One Man Walking

The Last Week

September 20th, 2008 · No Comments

My last week in Japan found me winding down. After 5 months of traveling I’m exhausted. We took an all-day bus from Kyoto to Tokyo, considerably cheaper than the bullet train and thus much slower. The hostel we’d booked wasn’t hard to find and for the price I think it was a reasonable deal. Khaosan Ninja it’s called and it was modeled after the famous capsule hotels of this city. We’d hoped to stay in one of those but they are mostly just for men.Inside Khaosan Ninja dorm room (photo by Tania) The ones that do let in ladies, only let in ladies and what’s the point of being in Tokyo with your girlfriend if you have to stay in different buildings? Khaosan’s bunks were each walled in with chipboard and had sliding panels to make each one into a box.

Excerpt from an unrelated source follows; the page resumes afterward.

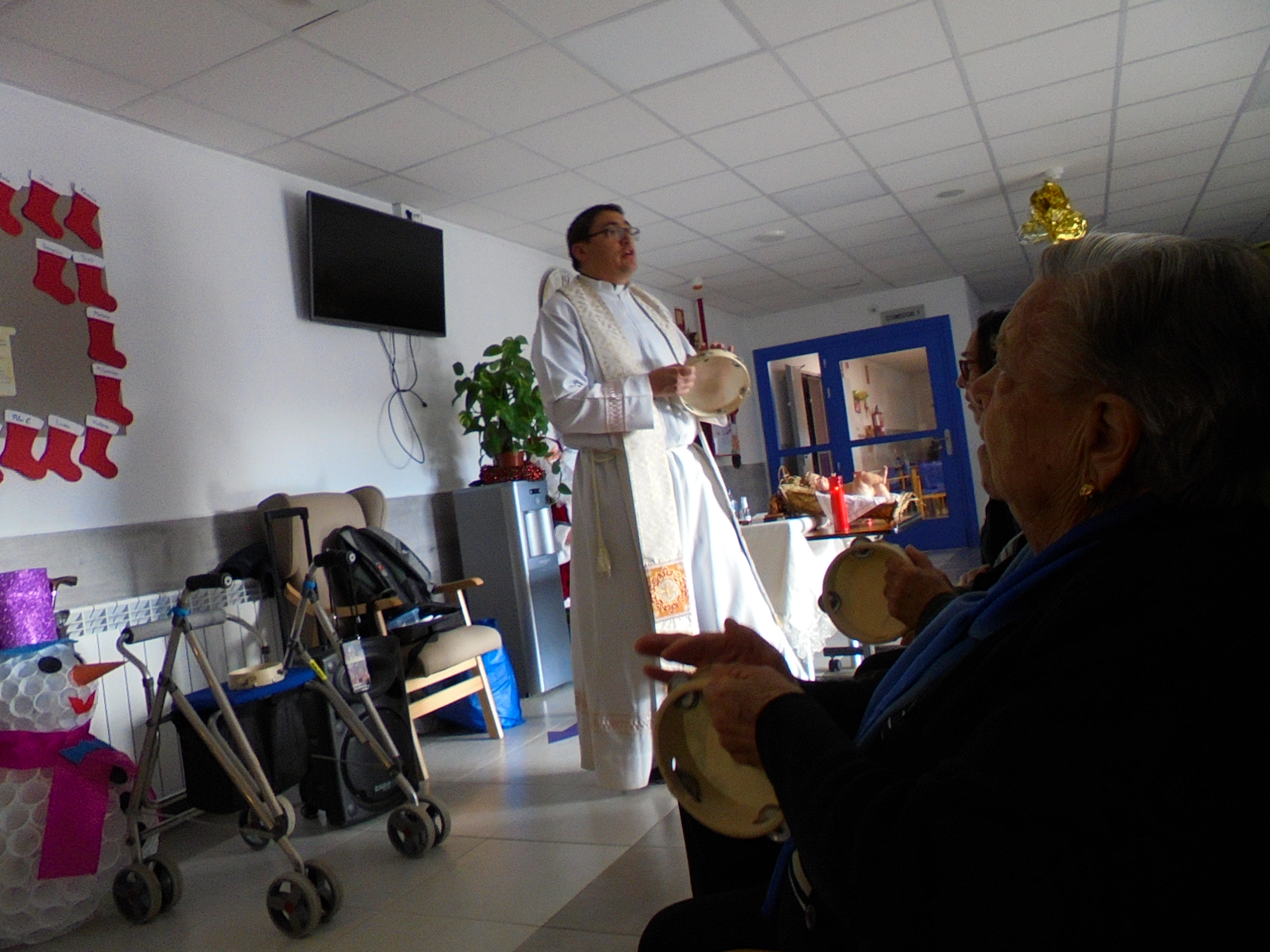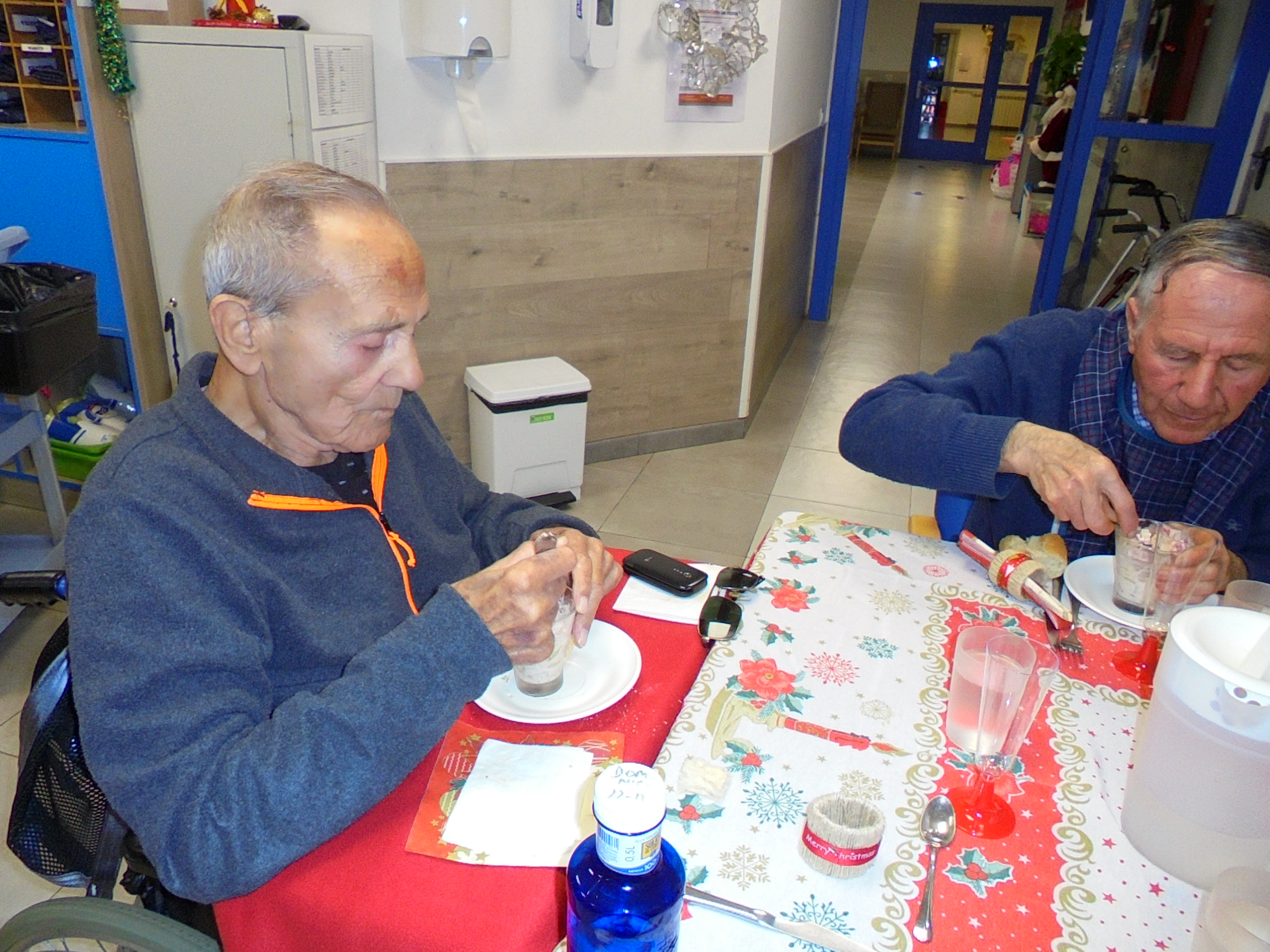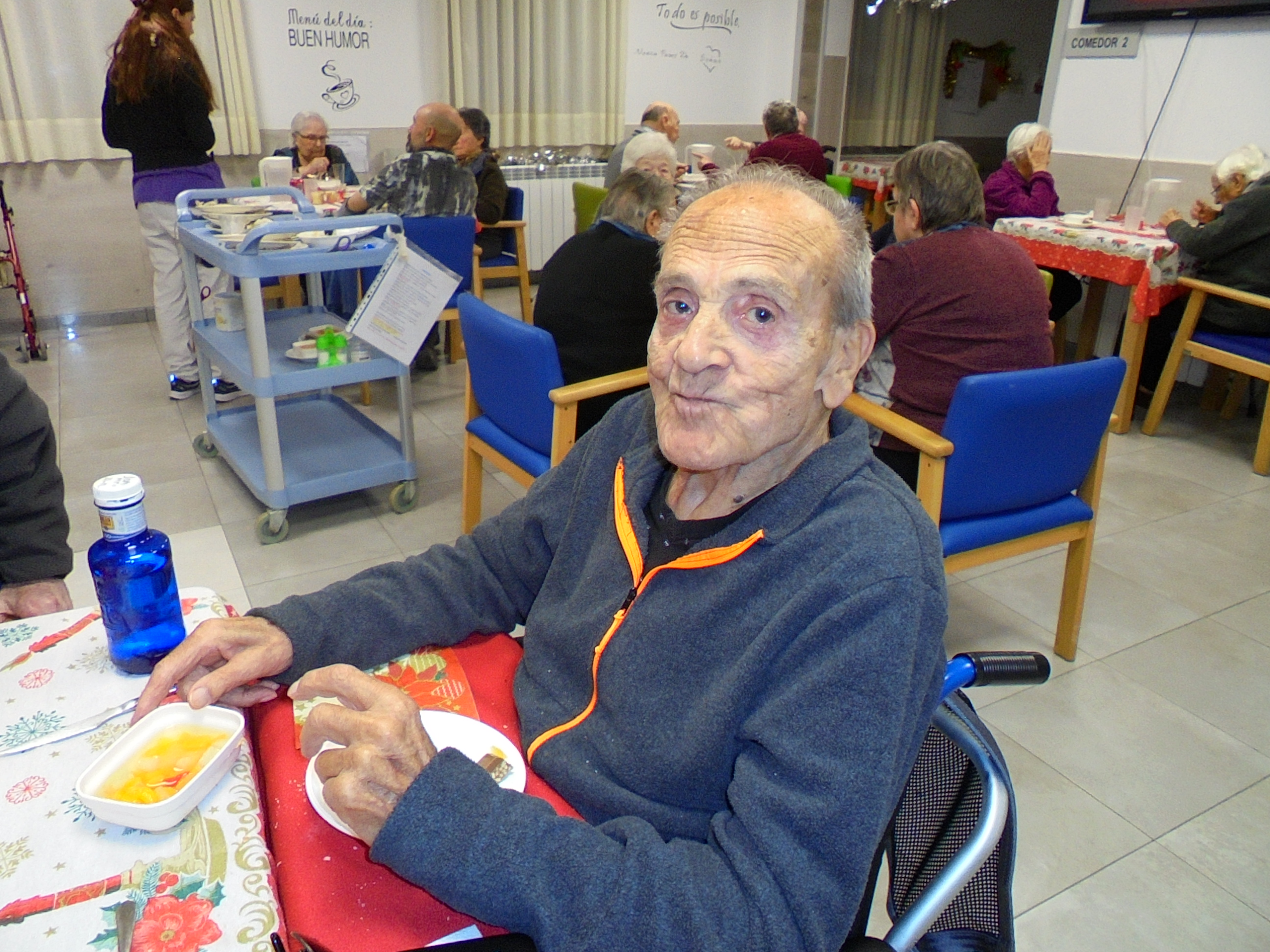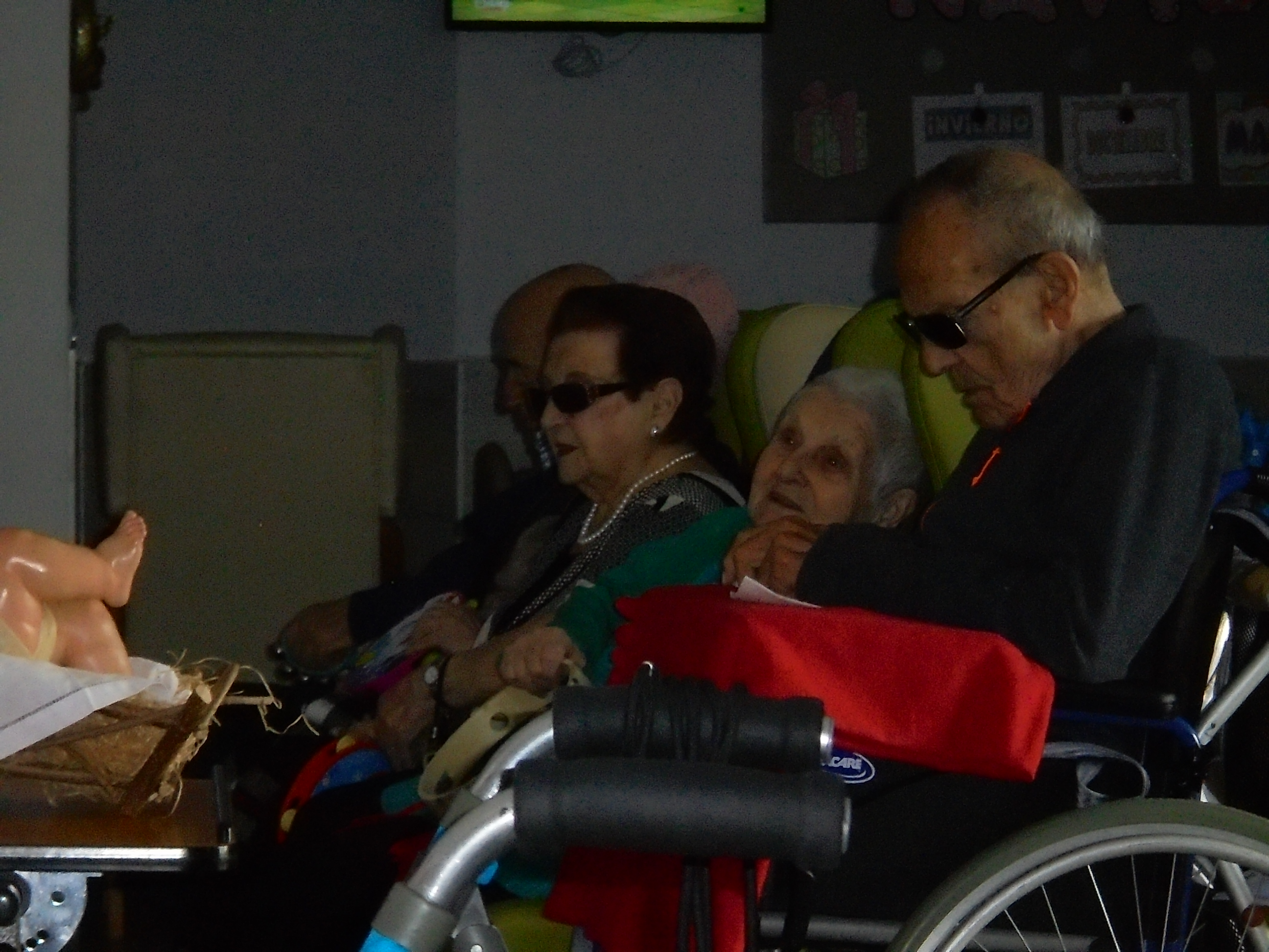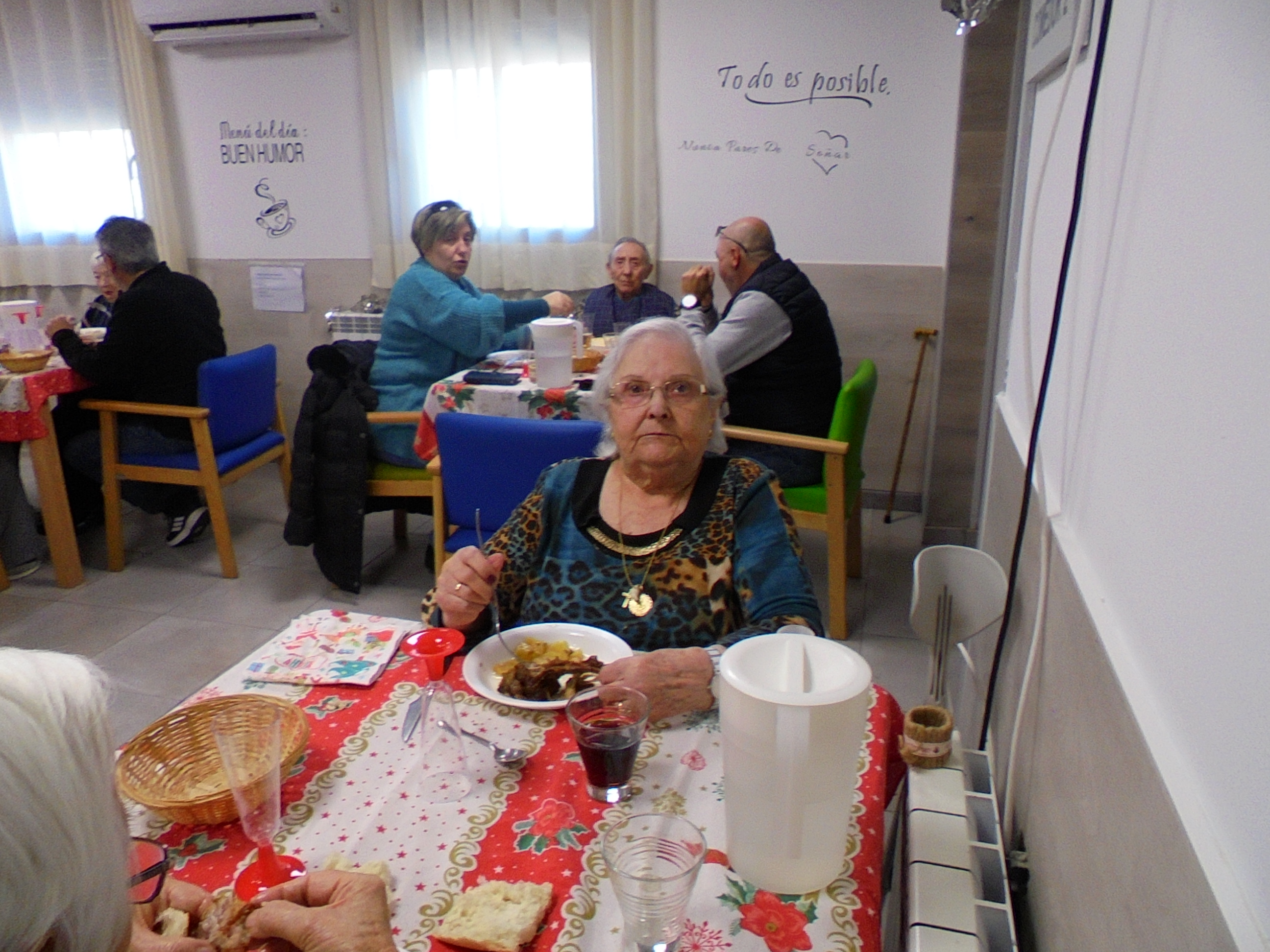 Todos emocionados con la misa de Navidad que nuestro cura Federico nos ofreció en estos días, pudieron besar al Niño Jesús y pasar una mañana muy agradable. Muchas gracias Federico por tu disponibilidad!!! Hemos tenido para la cena de Nochebuena: cóctel de langostinos, merluza en salsa verde, macedonia de frutas al ron y turrones y sidra. Para Navidad:  canapés variados y langostinos, ternasco asado con patatas panaderas, tiramisú, turrones y sidra. Los menús los hablamos con ellos antes de elegirlos y lo que más les apetecía era el ternasco como buenos maños!!!

I’ve been to both Disney World in Florida and Euro Disney near Paris, but that was over 10 years ago so we thought it was high-time I had a top-up. Tokyo Disney is apparently modeled on the one in California, which I’ve never been to, but I think it fits well into the chain. Maybe it’s that I am 10 years older now but the lack of proper roller-coasters was a bit of a let down. Space Mountain was fantastic. So good I rode it twice. Thunder Mountain, the run-away mine train, was ok for all its tight twists and winds. Splash Mountain, the log-flume, was a good laugh too. The other rides were either kids’ float-along ones like Pirates of the Carribean, or motion simulators like Star Tours, neither of which appealed to me. I think Tania felt the same for most of these, but she did get into the spirit a bit more than I did by wearing her Princess Minnie hat all day, even back home on the subway :-) It’s interesting what people can be persuaded to do if everyone else is already doing it. I saw many otherwise normal teenagers wearing Tigger tails or other cartoon regalia.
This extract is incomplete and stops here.